21. a kind of method for carrying out gene editing in wheat or improving the gene editing efficiency in wheat comprising:

(1) with the table of the plant endogenous High-expression promoter driving Cas9 gene in front added with the enhancer effectively connected It reaches；And/or

(2) with the expression of the DNA sequence dna of wheat U3 promoter driving coding sgRNA.

22. according to the method for claim 21, wherein the plant endogenous High-expression promoter is plant ubiquitin promoter Or Plant Actin promoter.

23. according to the method for claim 22, wherein the plant ubiquitin promoter is maize ubiquitin promoter PrZmUbi1, sugarcane ubiquitin promoter prSoUbi4 or two fringe false bromegrass ubiquitin promoter prBdUbi10.

24. according to the method for claim 23, wherein the sequence of the maize ubiquitin promoter prZmUbi1 such as SEQ ID Shown in NO:4.

25. according to the method for claim 23, wherein the sequence such as SEQ ID of the sugarcane ubiquitin promoter prSoUbi4 Shown in NO:5.

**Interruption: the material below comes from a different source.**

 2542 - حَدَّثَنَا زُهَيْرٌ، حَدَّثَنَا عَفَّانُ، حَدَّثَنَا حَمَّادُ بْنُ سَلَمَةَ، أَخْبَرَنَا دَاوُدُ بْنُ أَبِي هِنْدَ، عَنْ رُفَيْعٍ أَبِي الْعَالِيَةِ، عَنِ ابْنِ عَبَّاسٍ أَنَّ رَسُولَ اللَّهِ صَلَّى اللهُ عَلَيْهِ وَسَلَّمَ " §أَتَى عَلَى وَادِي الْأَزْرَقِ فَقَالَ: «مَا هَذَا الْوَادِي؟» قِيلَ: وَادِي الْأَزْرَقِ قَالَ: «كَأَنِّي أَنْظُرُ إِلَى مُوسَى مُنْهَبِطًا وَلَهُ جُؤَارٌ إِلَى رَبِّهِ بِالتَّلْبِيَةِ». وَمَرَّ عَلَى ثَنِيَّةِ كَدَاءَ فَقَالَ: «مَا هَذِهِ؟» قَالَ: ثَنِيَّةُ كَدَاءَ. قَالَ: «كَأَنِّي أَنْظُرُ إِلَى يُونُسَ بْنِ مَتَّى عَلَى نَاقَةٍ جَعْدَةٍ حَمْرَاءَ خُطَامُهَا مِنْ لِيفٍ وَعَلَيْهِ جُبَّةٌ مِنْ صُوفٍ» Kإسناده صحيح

26. according to the method for claim 23, wherein the sequence of the two fringe false bromegrass ubiquitin promoter prBdUbi10 is such as Shown in SEQ ID NO:6.

27. according to the method for claim 22, wherein the Plant Actin promoter is rice actin starting Sub- prOsAct1.

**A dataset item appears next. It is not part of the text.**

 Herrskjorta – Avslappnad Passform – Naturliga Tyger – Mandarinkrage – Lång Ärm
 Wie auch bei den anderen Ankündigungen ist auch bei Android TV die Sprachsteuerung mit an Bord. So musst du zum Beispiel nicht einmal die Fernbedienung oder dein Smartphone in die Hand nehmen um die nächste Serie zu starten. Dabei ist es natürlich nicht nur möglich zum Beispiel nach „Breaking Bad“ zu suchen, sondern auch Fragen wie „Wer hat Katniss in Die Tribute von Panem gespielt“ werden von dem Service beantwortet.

28. according to the method for claim 27, wherein the sequence such as SEQ of the rice actin promoters prOsAct1 Shown in ID NO:20.

29. the method according to any one of claim 21-28, wherein the enhancer is the enhancing in plant virus source Son.

30. according to the method for claim 29, wherein the enhancer in the plant virus source is figwort mosaic virus FMV Enhancer, cauliflower mosaic virus CaMV 35S enhancer or figwort mosaic virus FMV enhancer and cauliflower mosaic virus Both CaMV 35S enhancers.

31. according to the method for claim 30, wherein the sequence of the figwort mosaic virus FMV enhancer such as SEQ ID Shown in NO:1.

32. according to the method for claim 30, wherein the sequence of the cauliflower mosaic virus CaMV 35S enhancer is such as Shown in SEQ ID NO:2.

33. the method according to any one of claim 21-32, wherein the sequence of the Cas9 gene such as SEQ ID NO: Shown in 7 or 8.

34. the method according to any one of claim 21-33, wherein the sequence of the wheat U3 promoter such as SEQ ID Shown in NO:13.

35. the method according to any one of claim 21-34, wherein the DNA sequence dna such as SEQ ID of the coding sgRNA Shown in NO:16,17,18 or 19.